Carol and I cruised out to Manitou Springs last night to pick up our friends David Beers and Terry Blair, and we all went downtown to the Pikes Peak Center to take in the Colorado Springs Philharmonic‘s last concert of the season. On the program were Wagner’s Prelude from Die Meistersinger, Mozart’s Symphony #40, and Rimsky Korsakov’s Scheherazade. It had been way too long since we’d heard live music of any kind, and it was about damned time.

I was familiar with all three pieces, though I doubt I’ve listened to any least scrap of Die Meistersinger since Dr. Raymond Wilding-White‘s courses in college. Opera isn’t a big thing with me, and Wagner never takes ten minutes when fifty will do. Mozart? What can I say? Reliable and familiar, and great stuff when you want a graceful background for good conversation. But Scheherazade, wow. Conductor Lawrence Leighton Smith gave it all he got, and it was one of the most amazing classical performances I’d ever experienced.

It’s a stunning piece to begin with, an interweaving of a dozen or so Russian-ish themes with enormous energy and a loose program following the old tale of the 1001 Arabian Nights. Smith and the orchestra put their backs into it, and I found myself sitting on the edge of my seat in concentration. It was one of the few live performances I can recall which was better than the recordings in my own collection. I know the piece very well, and I found myself waiting anxiously to see how well they would do a particular passage. In every single case, it was well indeed–and by the end of the concert (it was the final item) I was exhausted. The temptation to treat music as background for other activities is strong, but when you’re paying thirty bucks for the seat, you pay attention. That may be the biggest single upside to live music heard in concert: It’s you and the music, nose to nose. We forget that at our peril.

Scheherazade and I have an interesting history. When I was 7 we got a very early stereo record player, and not long after that, my mother started bringing home a classical LP every month from the local A&P food store in Edison Park. (The remarkably durable independent Happy Foods is in the building now, and has been since the 70s.) I don’t precisely recall the deal, but I think they were a dollar if you bought ten dollars’ worth of food. My mother played the records a lot, hoping to instill a love of classical music in Gretchen and myself. It worked, at least until the first sparks of the British Invasion (not the Beatles–Chad & Jeremy) drew me to pop music in 1963. However, by that time I had heard six or eight well-known classical pieces dozens of times, including Scheherazade. I assumed at first that Rimsky & Korsakov were a duet of some kind, but hell, I was 8. (I’m not sure I even knew that there were detailed jacket notes inside the cardboard sleeves until I was well into my teens.)

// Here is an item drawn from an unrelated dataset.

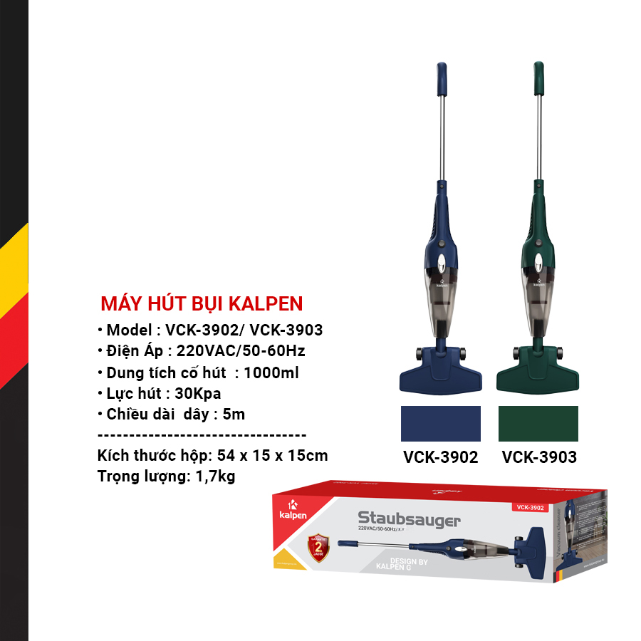 Máy hút bụi cao cấp Kalpen VCK-3902 được bảo hành 2 năm. Chính vì vậy, khi sản phẩm có bất cứ dấu hiệu nào hư hỏng trong thời gian đang được bảo hành thì bạn hoàn toàn có thể liên hệ trực tiếp với chúng tôi để được hỗ trợ sớm nhất.

The Colorado Springs Philharmonic concerts begin with an optional half-hour lecture given by the conductor, asssisted by the concertmaster and sometimes other members of the orchestra. Smith is a good presenter, and explained how the Great Russians took simple Russian folk music and made it into orchestral battleships like Scheherezade. He spoke of The Five, and reminded me of something that I’ve never entirely understood: Why don’t we ever heard the music of Cesar Cui and Mily Balakirev? I went through the classical side of my CD case and didn’t find a single piece by either composer, peppered as it is by Borodin, Mussorgsky, Rimsky-Korsakov, and several other famous Russians. Their contribution may have been organizational (Balakirev did a lot to point them in the right direction and keep them all focused) but I’ll have to go looking for some of their work.

Hearing Scheherazade, Night on Bald Mountain, the William Tell Overture, and the several other pieces in the grocery store music collection made the back of my 8-year-old head just go wild with images and crazy ideas. It may not be far from the truth that classical music pushed me over the edge into writing fiction. Even today, when I need to crack a plot problem, I stick an upbeat classical CD into the player and crank it up loud. Eight times out of ten, the plot problem is toast, and the story continues. Music is good that way. I need to do more of it.


All Saints church in Stuart, Iowa. Photo May 18, 2010.

Back in Colorado Springs (finally!) after five weeks away. Most of the trip was about family things that are not of general interest, and I’ve discovered that writing long trip reports on a netbook makes my eyes cross. So here’s the report in retrospect.

We didn’t get away from the Chicago area until 4 PM, so our first day on the road was short and we only made it to Davenport, Iowa. Quick tip: Avoid the Davenport Clarion. It was very un-Clarion like; old, grungy, basically worn-out, with lots of broken things and pillows that felt like they were stuffed with leftover pantyhose.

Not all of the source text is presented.